Data for this exercise:
═══

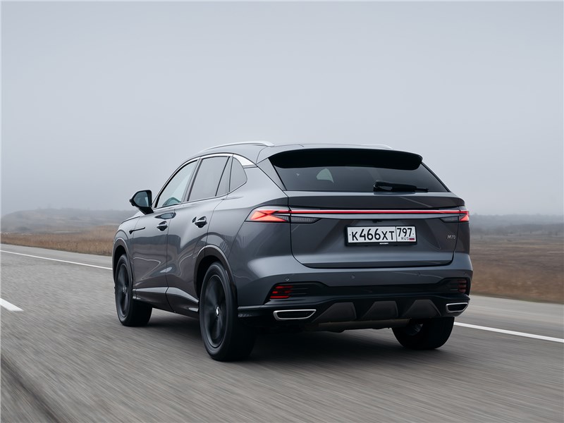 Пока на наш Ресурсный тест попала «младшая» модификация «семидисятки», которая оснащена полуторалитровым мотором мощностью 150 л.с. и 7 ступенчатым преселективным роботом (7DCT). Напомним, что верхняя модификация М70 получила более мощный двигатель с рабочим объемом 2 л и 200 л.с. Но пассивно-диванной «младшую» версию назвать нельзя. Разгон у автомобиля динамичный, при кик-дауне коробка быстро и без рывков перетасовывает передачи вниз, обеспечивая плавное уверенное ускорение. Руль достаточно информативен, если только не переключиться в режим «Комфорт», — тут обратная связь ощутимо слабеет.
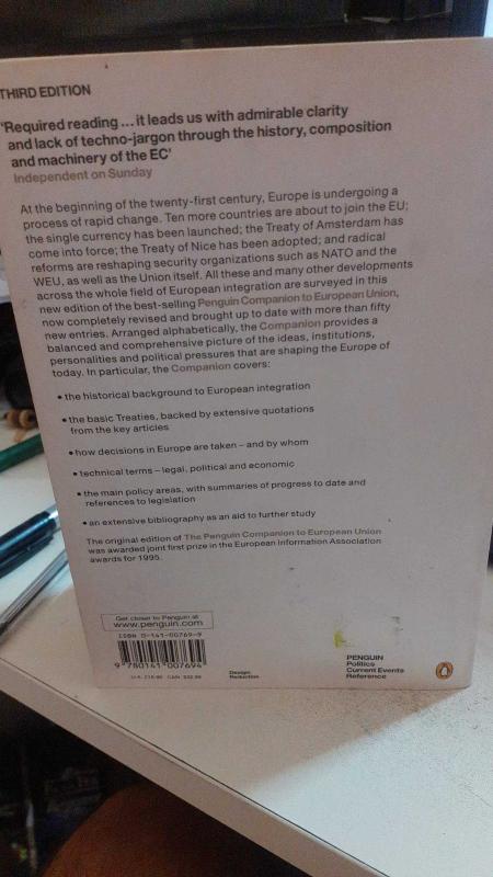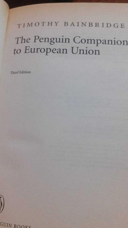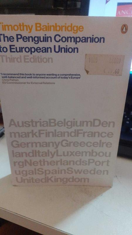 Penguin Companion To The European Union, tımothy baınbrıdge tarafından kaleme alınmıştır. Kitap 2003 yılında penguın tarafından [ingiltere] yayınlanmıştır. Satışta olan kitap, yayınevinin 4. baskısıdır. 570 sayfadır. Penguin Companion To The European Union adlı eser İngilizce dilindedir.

═══

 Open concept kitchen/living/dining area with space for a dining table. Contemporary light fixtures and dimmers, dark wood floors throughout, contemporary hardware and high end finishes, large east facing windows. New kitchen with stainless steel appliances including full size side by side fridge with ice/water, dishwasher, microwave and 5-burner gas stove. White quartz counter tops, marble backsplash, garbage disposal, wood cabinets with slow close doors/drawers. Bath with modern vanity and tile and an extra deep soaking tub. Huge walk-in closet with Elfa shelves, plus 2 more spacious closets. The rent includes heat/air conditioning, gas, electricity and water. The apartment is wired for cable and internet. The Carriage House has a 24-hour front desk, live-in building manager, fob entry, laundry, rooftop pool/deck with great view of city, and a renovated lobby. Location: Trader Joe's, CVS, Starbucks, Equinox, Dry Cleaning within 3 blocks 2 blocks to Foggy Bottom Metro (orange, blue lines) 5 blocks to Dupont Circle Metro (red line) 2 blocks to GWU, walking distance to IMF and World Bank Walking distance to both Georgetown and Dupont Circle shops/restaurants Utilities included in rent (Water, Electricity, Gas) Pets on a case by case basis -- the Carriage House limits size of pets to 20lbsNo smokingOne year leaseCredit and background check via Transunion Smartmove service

═══

What the task asks: Repeat exactly the lines above, from the line that contains "Пока на наш" down through the line that contains "Penguin Companion To The European Union, tımothy". Include both of those lines and none of the pictures.

Answer section:
 Пока на наш Ресурсный тест попала «младшая» модификация «семидисятки», которая оснащена полуторалитровым мотором мощностью 150 л.с. и 7 ступенчатым преселективным роботом (7DCT). Напомним, что верхняя модификация М70 получила более мощный двигатель с рабочим объемом 2 л и 200 л.с. Но пассивно-диванной «младшую» версию назвать нельзя. Разгон у автомобиля динамичный, при кик-дауне коробка быстро и без рывков перетасовывает передачи вниз, обеспечивая плавное уверенное ускорение. Руль достаточно информативен, если только не переключиться в режим «Комфорт», — тут обратная связь ощутимо слабеет.
 Penguin Companion To The European Union, tımothy baınbrıdge tarafından kaleme alınmıştır. Kitap 2003 yılında penguın tarafından [ingiltere] yayınlanmıştır. Satışta olan kitap, yayınevinin 4. baskısıdır. 570 sayfadır. Penguin Companion To The European Union adlı eser İngilizce dilindedir.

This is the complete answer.